Spitzer Inquiry: Broker ChargedSep 17, 2003 | The Guardian
Eliot Spitzer, the New York state attorney general, yesterday filed the first criminal charges stemming from his investigation into the US mutual funds industry and warned that more were likely to follow.
Theodore Sihpol III, a former broker with Bank of America, surrendered to authorities in New York and faces two counts of larceny and securities fraud. He could be jailed for between eight and 25 years if found guilty.
The securities and exchange commission, the US regulator, also filed civil charges alleging that the broker violated federal securities laws.
Mr Sihpol, 36, was dismissed from Bank of America. He is one of at least six employees in the firm's mutual funds business to have left since the first results of Mr Spitzer's investigation into improper trading were announced this month.
The investigation has rocked the $7 trillion mutual funds business, favoured by many ordinary Americans as a safe haven for their money and commonly used for retirement and college savings plans.
"This is a wide-ranging and continuing investigation which is likely to result in numerous other charges," Mr Spitzer said.
The investigation relates to "late trading" in mutual funds. This allows favoured clients to buy shares in funds after the 4pm close of the market when the price is set, allowing them to profit on market-moving events beyond the end of the session. Mr Spitzer has likened the practice to allowing investors to bet on a horse race after it is over.
In a $40m settlement with the hedge fund Canary Capital Partners two weeks ago, Mr Spitzer implicated mutual funds owned by Bank of America, Janus, Strong Capital Management and Bank One. Canary did not admit wrongdoing in the settlement.

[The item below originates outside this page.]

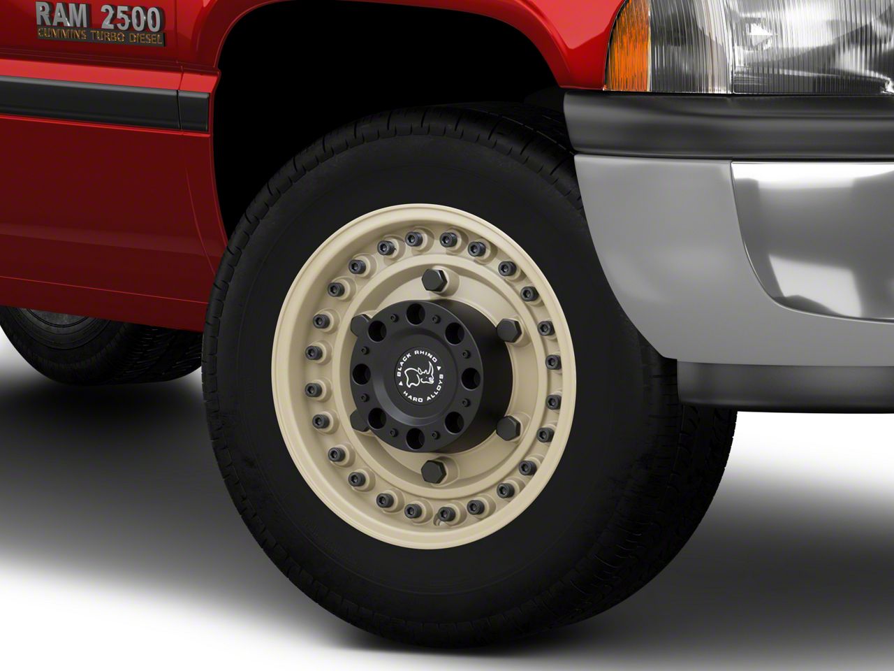 Application. This Black Rhino Armory Desert Sand 8-Lug Wheel; 18x9.5; -2018mm Offset, with a backspacing of 4.541 Inch, 115.3mm and bolt pattern of 8 x 165.1mm (8 x 6.5-Inch), is designed to fit 1994-2002 RAM 2500 models. Sold individually.

Mr Spitzer alleges that Mr Sihpol played a central role in enabling certain hedge fund customers, including Canary, to engage in late trading in shares of funds offered by Bank of America. Mr Spitzer said that illegal trading schemes "potentially cost mutual fund shareholders millions of dollars annually".
He was surprised at how rife improper trading appeared to be. "We have seen more impropriety than we would have expected. We do not yet know whether it was just one employee at Bank of America or many others at the bank or other firms."